Mereka bertiga berjalan ke dapur, meninggalkan Dandy dan Cindy berdua.
“Kata mereka kamu cantik, cerewet, tapi lucu,” kata Dandy.
“Cowok-cowok emang gitu semua ya? .
“Kamu tinggal di sini juga?” tanya Dandy.
“Enggak. Cuma mampir aja. Kalau kamu?”
“Lagi nebeng di rumah Stella. Tapi rencananya bulan depan cari kontrakan sendiri.”
Obrolan mereka mulai mengalir santai.
Di dapur, Sitty mengerutkan dahi. “Kok kamu ngajak aku ke sini, Popi?”
“Kita bikin minuman, kan?”
“Tamunya buat kamu, bukan Cindy,” celetuk Stella.
Popi tersenyum samar. “Aku tuan rumah, dan kalian juga tamu. Tapi Dandy lagi ngobrol sama Cindy. Hehehe.”
“Popi, Stella tahu kamu suka Dandy,” goda Stella.
“Apalah arti suka. Takdir aja deh yang bawa,” balas Popi pelan.
“Cie, tapi kayaknya Dandy lebih tertarik sama Cindy, deh,” kata Sitty.
“Tenang. Aku bakal bantu kamu,” janji Stella.
"Ahh... Gak usah repot-repot"
---
Di ruang tamu, Dandy tiba-tiba berdiri dan melongok ke pagar.
“Jefta? Kamu gak mampir?” serunya.
Seorang cowok berkaos putih dan jaket hitam menghampiri. “Dandy? Ngapain kamu di sini?” tanya Jefta, lalu matanya menangkap Cindy. “Eh, hai Cindy.”
“Kalian sudah kenalan?” tanya Dandy, heran.
“Baru aja,” jawab Jefta santai, nadanya menggoda.
Masuk tanpa basa-basi langsung duduk di kursi tamu
“Aku ke dapur dulu, yah” ujar Cindy.
“Enggak usah,” Jefta menahan tangan Cindy. “Kamu kenapa sih? Marah karena kemarin siang? Atau emang sengaja sok jual mahal? Bukannya kita sudah deal mulai dari awal kan?"
“Ya ampun, enak aja. Lepasin dong, aku mau bikin minum.”
Tapi jantung Cindy berdebar aneh. "Kenapa aku gugup begini? Kayak habis sprint keliling lapangan sepuluh kali..." Gumam Cindy dalam hati
Rasanya kayak mau pingsan! Badannya lemas, lututnya hampir gemetar. Ia cuma bisa senyum kikuk, berharap bumi mau menelannya saja.

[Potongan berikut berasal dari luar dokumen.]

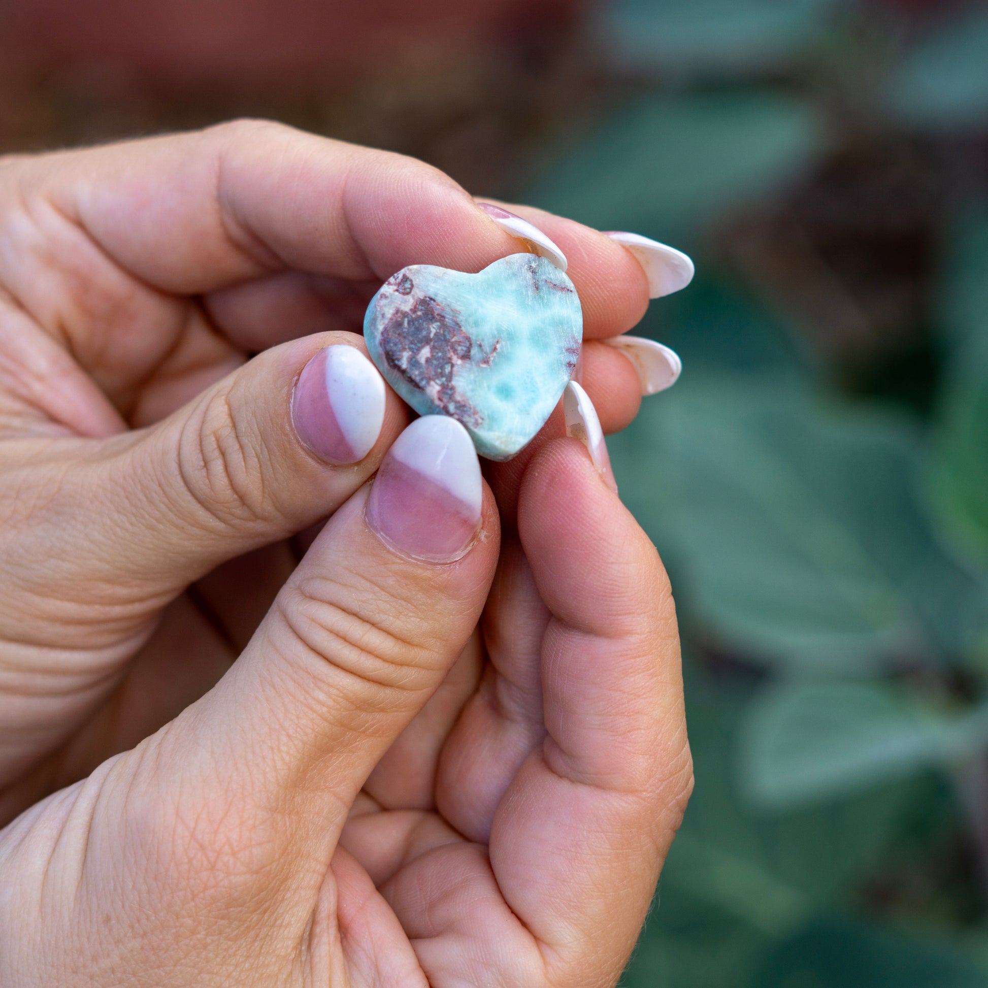 This listing is for the exact heart-shaped Larimar pictured. Each piece is one-of-a-kind, with its own unique wave-like inclusions and energetic signature.

“Gak usah bikin minum. Aku cuma butuh senyum kamu,” kata Jefta pelan.
“Gila... makin deg-degan aja,” gumam Cindy dalam hati, yang sudah tidak karuan dentumannya.
“Ehem,” Dandy menyela dengan gaya dramatis. “Boleh nggak, romansa kalian pause sebentar? Aku juga masih di sini loh.”
“yang sopan ya,, aku ini atasan kamu loh.” sambil cengar-cengir, matanya berbinar-binar iseng. Jelas banget lagi becanda.
"Di kantor kamu atasan di luar kantor beda cerita" Nyeletuk sambil ketawa lepas. Kebetulan mereka se angkatan di SMA
“Dandy, kamu masuk tim mana?” tanya Jefta.
“kreatif tim 1”
“ketua tim 2 siap menjaga rekan tim yang paling cantik.” dengan nada yang ringan dan disertai senyum ala devil
“Maksud kamu... Cindy?” tanya Dandy geli.
“Iya, siapa lagi yang cantik kalau bukan Cindy” kata Jefta santai ke Cindy.
“Cie cie drama kantor mulai,” celetuk Dandy.
“Berhentilah menggoda” kata Cindy, wajahnya mulai merah.
“Tapi aku mau ada di dekatmu,” ujar Jefta lembut.
Cindy menunduk, bingung sendiri dengan degup jantungnya.
“Bro, cara kamu agak menyeramkan. Ganti strategi, deh,” saran Dandy.
“Harusnya belajar dari Dandy ya?” Jefta tertawa.
“Udah ah, aku ke dapur dulu,” ujar Cindy,
tapi lagi-lagi Jefta menahan tangannya.
“Tangan kamu dingin banget. Gugup, ya?”
Cindy hanya diam. Duduk kembali.
“Hei! Ada apa ini? Ayo makan pisang goreng!” suara Popi menyelamatkan suasana.
---
Sore itu diisi tawa, candaan, dan kehangatan yang anehnya terasa nyaman. Kontrakan kecil Popi berubah jadi panggung cerita baru. Cerita yang belum mereka tahu, akan melibatkan perasaan yang tak terduga.
Dan di antara aroma pisang goreng dan gelas teh manis hangat, tiga hati diam-diam mulai saling mendekat.